Overload decorator in typings module doesn't seem to behave as expected
Asked Answered
F

2

19
>>> from typing import overload

>>> @overload
... def hello(s: int):
...     return "Got an integer!"

>>> def hello(s: str):
...     return "Got a string"

Why does the calling hello(1) call the function with the string argument? Ideally, the @overload operator should handle it, right?

Faker answered 27/8, 2018 at 7:43 Comment(2)
You need to decorate both definitions, otherwise you're just overriding whatever hello was with a normal function.Evidence
To be precise, only stub functions should be decorated. Calling decorated function will raise NotImplementedError. The idea of overload is to overwrite stubs with actual implementation.Aara
A
32

Unfortunately, python does not allow function overloading. Each time you think you are overloading function, you are just overwriting previous function declaration. Quote from the docs:

The @overload decorator allows describing functions and methods that support multiple different combinations of argument types. A series of @overload-decorated definitions must be followed by exactly one non-@overload-decorated definition (for the same function/method). The @overload-decorated definitions are for the benefit of the type checker only, since they will be overwritten by the non-@overload-decorated definition, while the latter is used at runtime but should be ignored by a type checker. At runtime, calling a @overload-decorated function directly will raise NotImplementedError.
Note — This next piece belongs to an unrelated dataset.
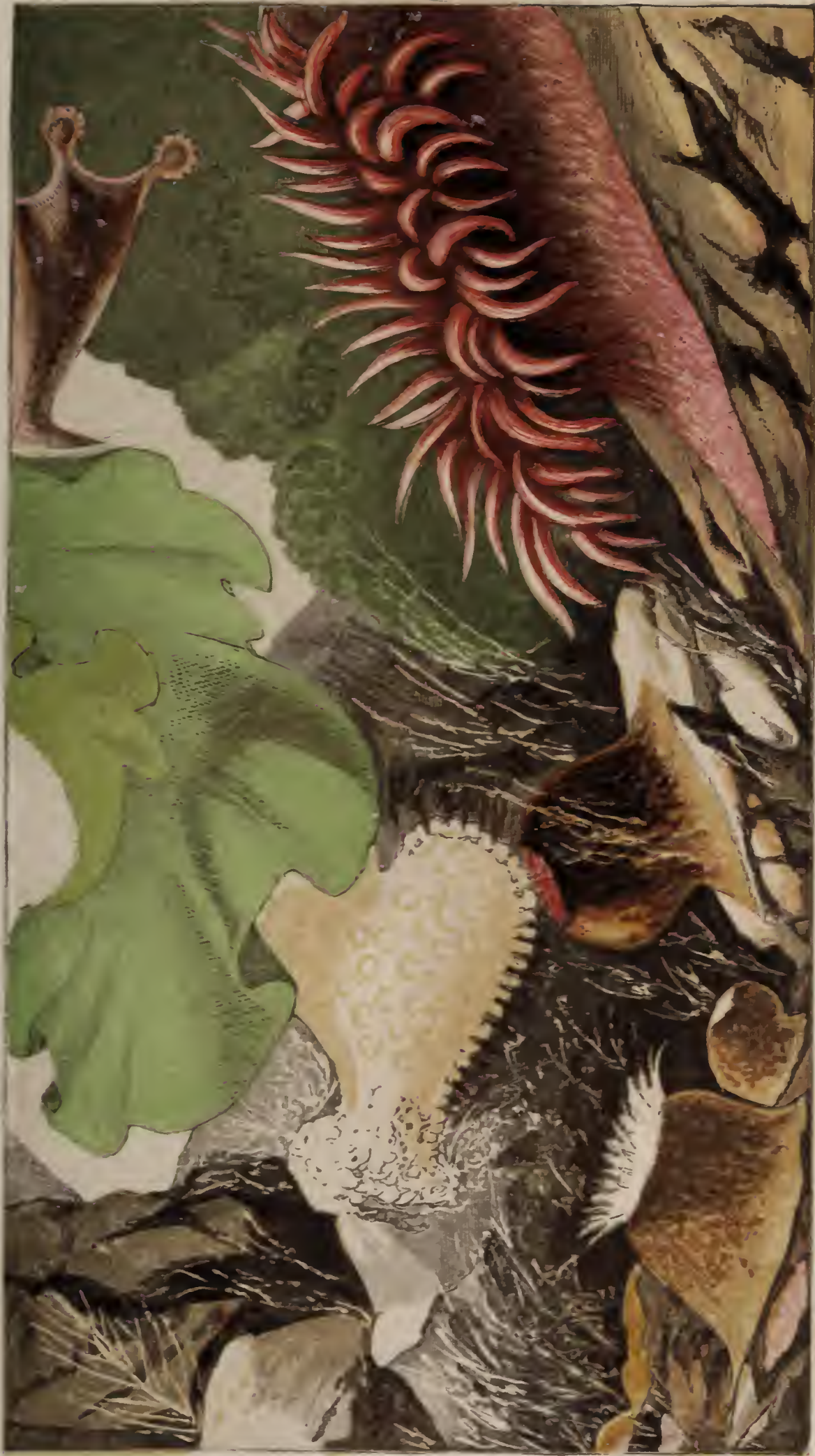
P. H. GOSSE, del.

The correct usage of typing.overload is as follows:

from typing import overload


@overload
def hello(s: int) -> str:
    ...


@overload
def hello(s: str) -> str:
    ...


def hello(s):
    if isinstance(s, int):
        return "Got an integer!"
    if isinstance(s, str):
        return "Got a string"
    raise ValueError('You must pass either int or str')


if __name__ == '__main__':
    print(hello(1))

To show the actual benefit of typing.overload lets change def hello(s: int) to return int instead of str:

from typing import overload


@overload
def hello(s: int) -> int:
    ...


@overload
def hello(s: str) -> str:
    ...


def hello(s):
    if isinstance(s, int):
        return "Got an integer!"
    if isinstance(s, str):
        return "Got a string"
    raise ValueError('You must pass either int or str')


if __name__ == '__main__':
    print(hello(1))
    a = hello(1) + 1
    b = hello(1) + 'a'

Note, that the actual implementation still returns str - python does not perform any checks here. However, PyCharm raises a warning:

enter image description here

mypy also complains about invalid types:

➜ mypy test.py 
test.py:25: error: Unsupported operand types for + ("int" and "str")

The purpose of typing module is to allow third party tools to perform static checking of your code. There is no magic here - all types are ignored at runtime.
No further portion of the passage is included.